▶ **Aim of the exercise**
The material below is to be copied exactly from the line with "- Bad mit Dusche/Badewanne, Toilette" up to and including the line with "Tarmacadam driveway with", with nothing else kept and no pictures.
Segment Open
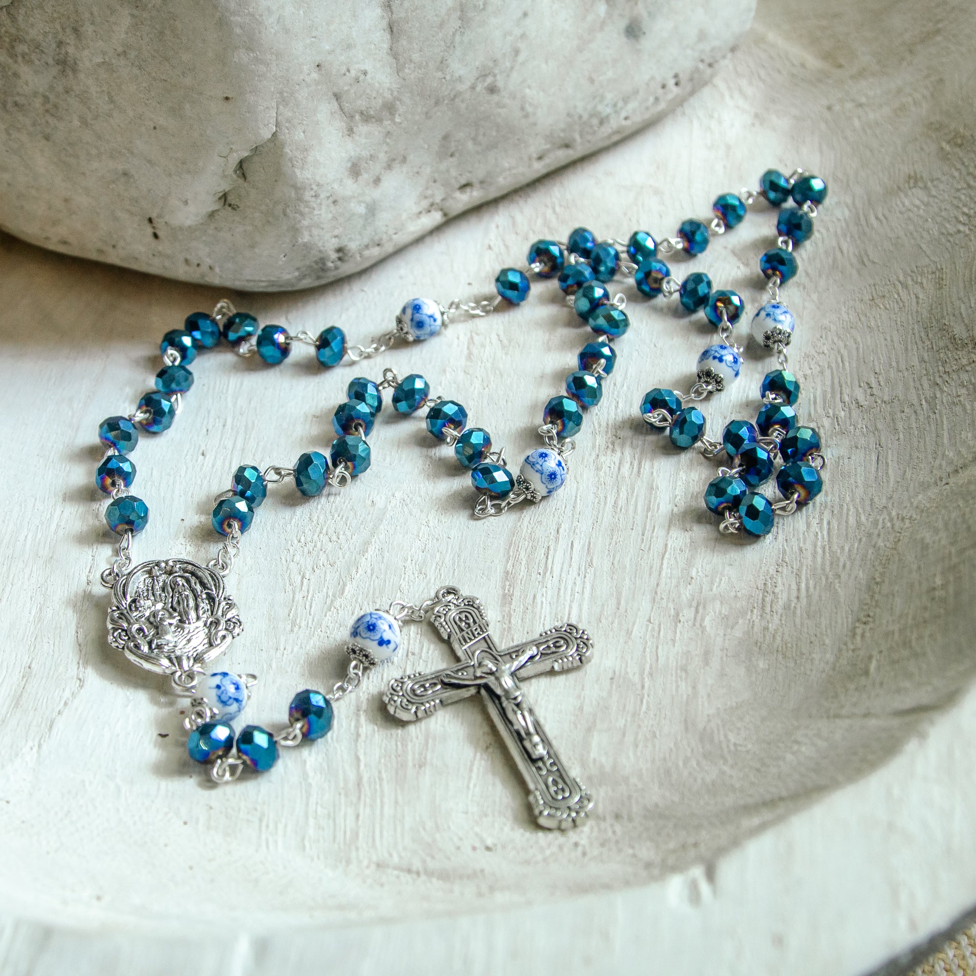 The Blue Sunburst Lourdes Water Rosary combines deep indigo sun-cut crystal Hail Mary beads with floral ceramic Our Father beads, accented in silver. Its centerpiece depicts St. Bernadette at the Lourdes Grotto, containing Lourdes Water. This 21" rosary, elegantly gift-boxed, is perfect for those devoted to Our Lady of Lourdes, offering hope and healing.
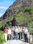 Pero el objetivo de los aventureros de ASAFAL era otro: recorrer la nonata prolongación del tranvía hasta las Minas de la Estrella. Y con esa intención llegamos en coche hasta el Barranco de San Juan, habiendo encargado previamente la comida en un excelente merendero frente a la antigua estación del Charcón. Desde el final de la línea, lugar desde el que debía haber partido un teleférico hasta el Collado de los Peñones de San Francisco (la zona próxima a lo que hoy conocemos como la estación de esquí de Sierra Nevada), se inicia una vereda en la margen contraria que daba servicio a la explotación minera de calcopirita en las llamadas Minas de la Estrella. Esta senda permitía el paso de animales que transportaban el mineral hasta la estación del tranvía después de un duro y peligroso itinerario, lo que planteó la prolongación del trazado tranviario hasta las mismas minas, algo que no se llevó a cabo y que, visto el terreno tan abrupto, era una empresa dificil.
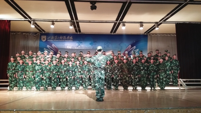 比赛中,同学们演唱了《团结就是力量》、《新兵日记》、《军中绿花》等耳熟能详的革命歌曲。所有学生精神抖擞,气势高亢,充分表现了大家对这次大合唱比赛的重视和用心。比赛期间,宋参谋与司南处长的精彩点评与表演把整个比赛活动推向高潮,现场掌声不断,气氛热烈。
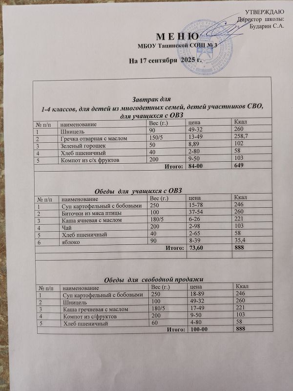 Сегодня 17.09.25 для учащихся 1-4-х классов предусмотрено следующее меню на завтрак: шницель, каша гречневая, зеленый горошек, хлеб пшеничный, компот из сухофруктов.
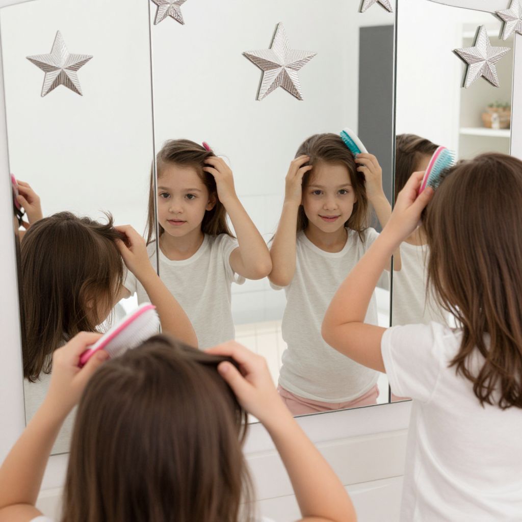Photograph of a young girl with brown hair, wearing a white shirt, brushing her hair in front of a mirror with star decorations.
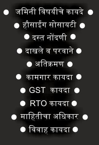 मराठी कायदे अँप मध्ये खालील कायदे समाविष्ठ आहे
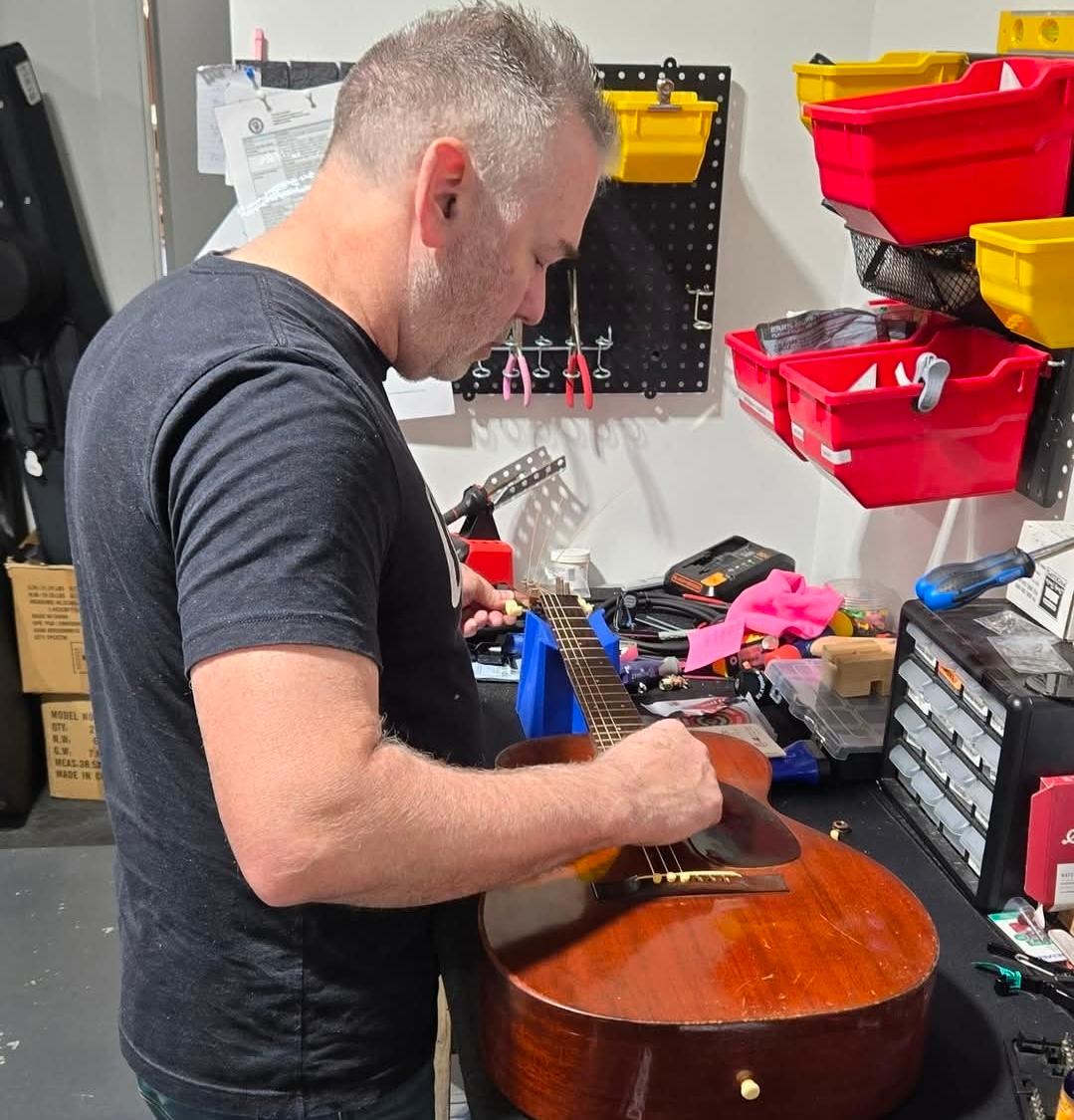 In our new space, Ronnie has more room to work on guitars. He recommends a set up 1-2 times a year depending on where and how often you play. You may need new strings every 3 months. If your strings sound a bit dead when you play, get the sound brightened up with new strings. During colder and dryer months we recommend getting a humidifier for your guitars to help battle fret sprout and wood cracks. Call us to schedule a little TLC time for your guitars.
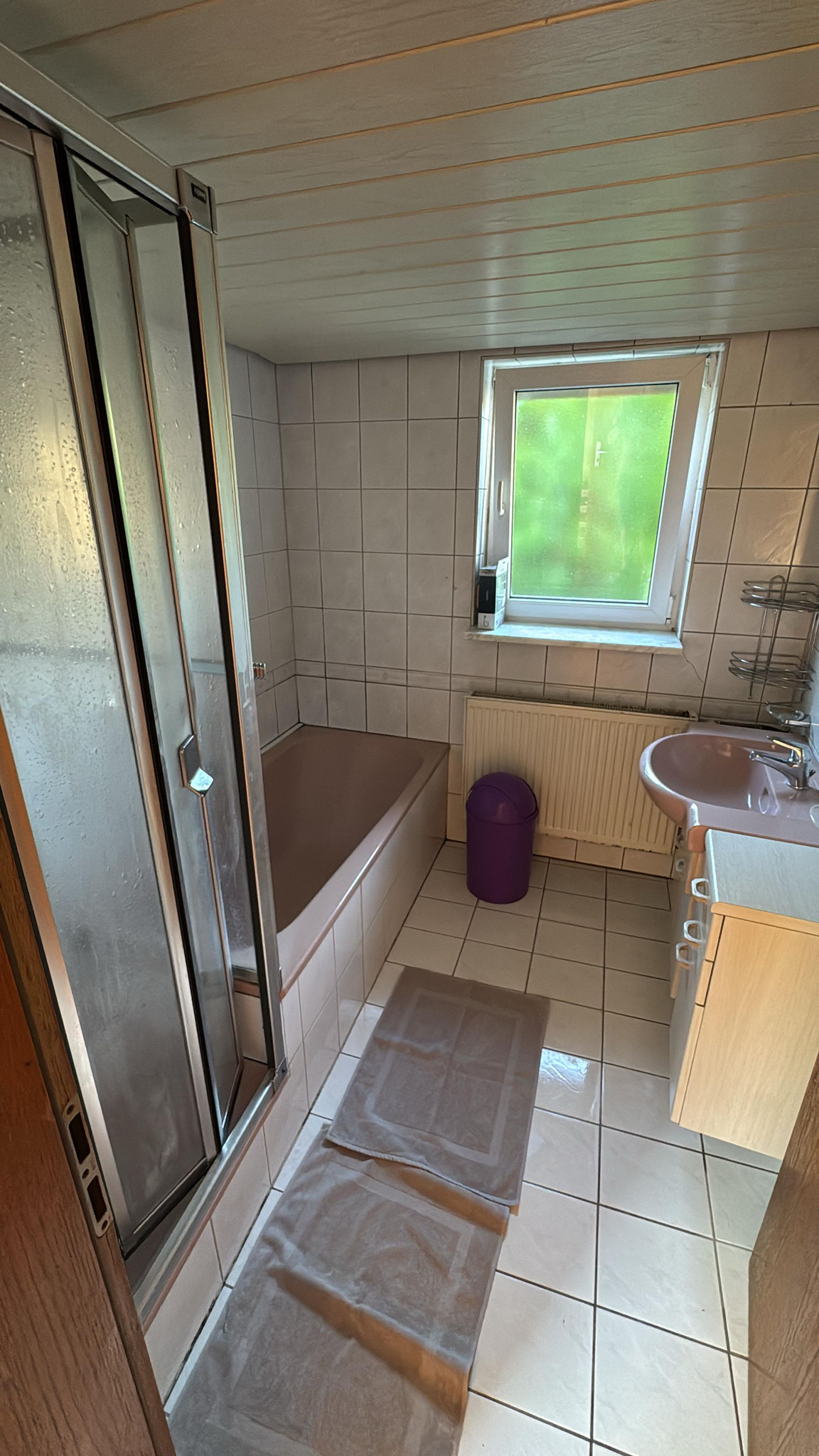 - Bad mit Dusche/Badewanne, Toilette und Waschbecken
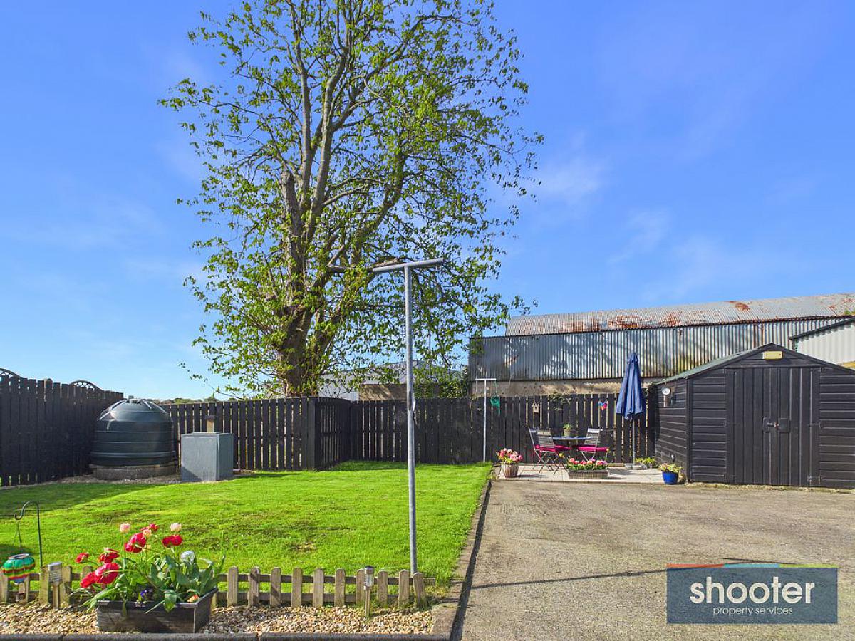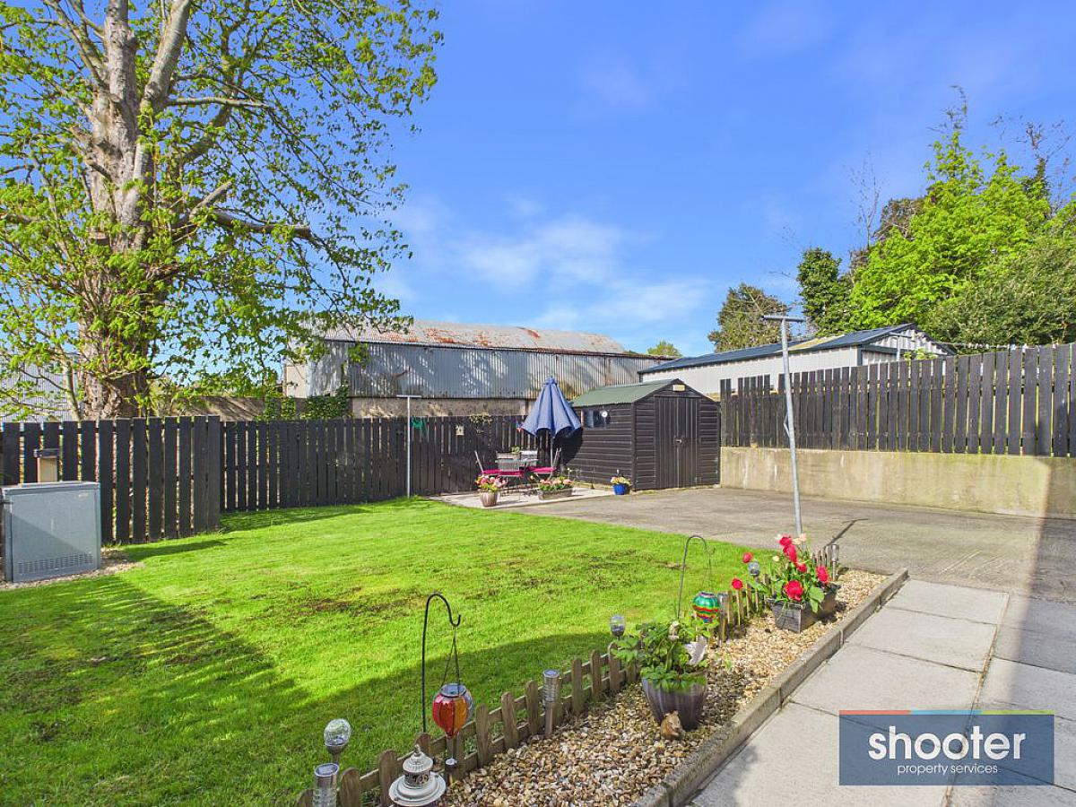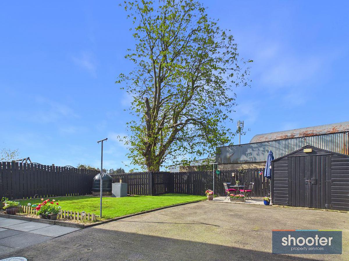 Tarmacadam driveway with parking to side. Front grass lawn. Entrance canopy. Concrete yard to rear. Paved patio area with neat grass lawn, decorative stone beds and garden shed. Clothesline, watertap and outside light.
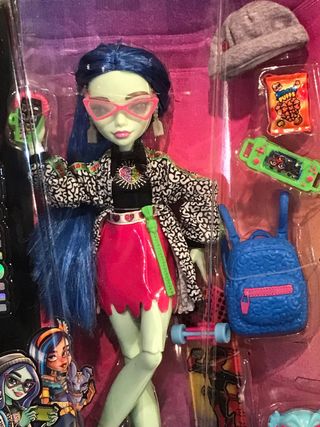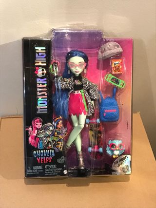 Muñeca Monster High Ghoulia Yelps, completamente nueva y en su empaque original. - Incluye accesorios como mochila, videojuego portátil y gorra. - La muñeca tiene cabello azul y viste un atuendo a la moda.
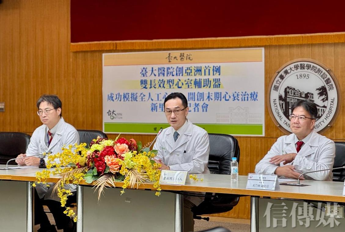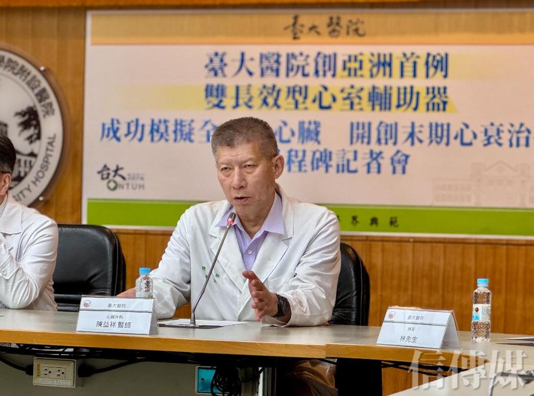 台大外科部副部主任紀乃新表示,這次由陳益祥教授帶領的外科團隊,以兩顆長效心室輔助器取代心臟左右泵血功能,「等於創造出兩台機器組成的全人工心臟。」他強調,這不僅是手術成功,更是團隊合作的勝利。
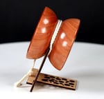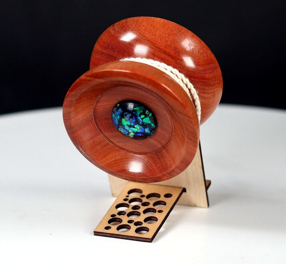 100% handmade and lathe turned from a single block of wood, with no glue holding the sides and axle together. Fixed axle, with "nickel" width (~2mm) string gap for responsive play. Perfectly balanced and a smooth player. Measures about 2.25" x 1.50" and weighs in at 66 grams (with string).
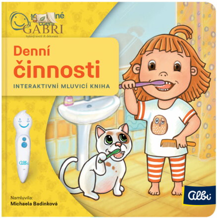Interaktivní mluvící mini kniha provede děti od 2 let každodenními činnostmi. Děti stráví jeden den se sourozenci Honzíkem a Barborkou. Vstanou s nimi z postýlky, vyčistí si zoubky, dají si něco dobrého k obědu a pohrají si. Všechny činnosti v knize doprovází veselá písnička. V knize nechybí dialogy, říkanky a samozřejmě ani jednoduché zábavné kvízy. Kniha Denní činnosti obsahuje přes 400 zvuků a textů.
Segment Closed
▶ **Response below**
 - Bad mit Dusche/Badewanne, Toilette und Waschbecken
 Tarmacadam driveway with parking to side. Front grass lawn. Entrance canopy. Concrete yard to rear. Paved patio area with neat grass lawn, decorative stone beds and garden shed. Clothesline, watertap and outside light.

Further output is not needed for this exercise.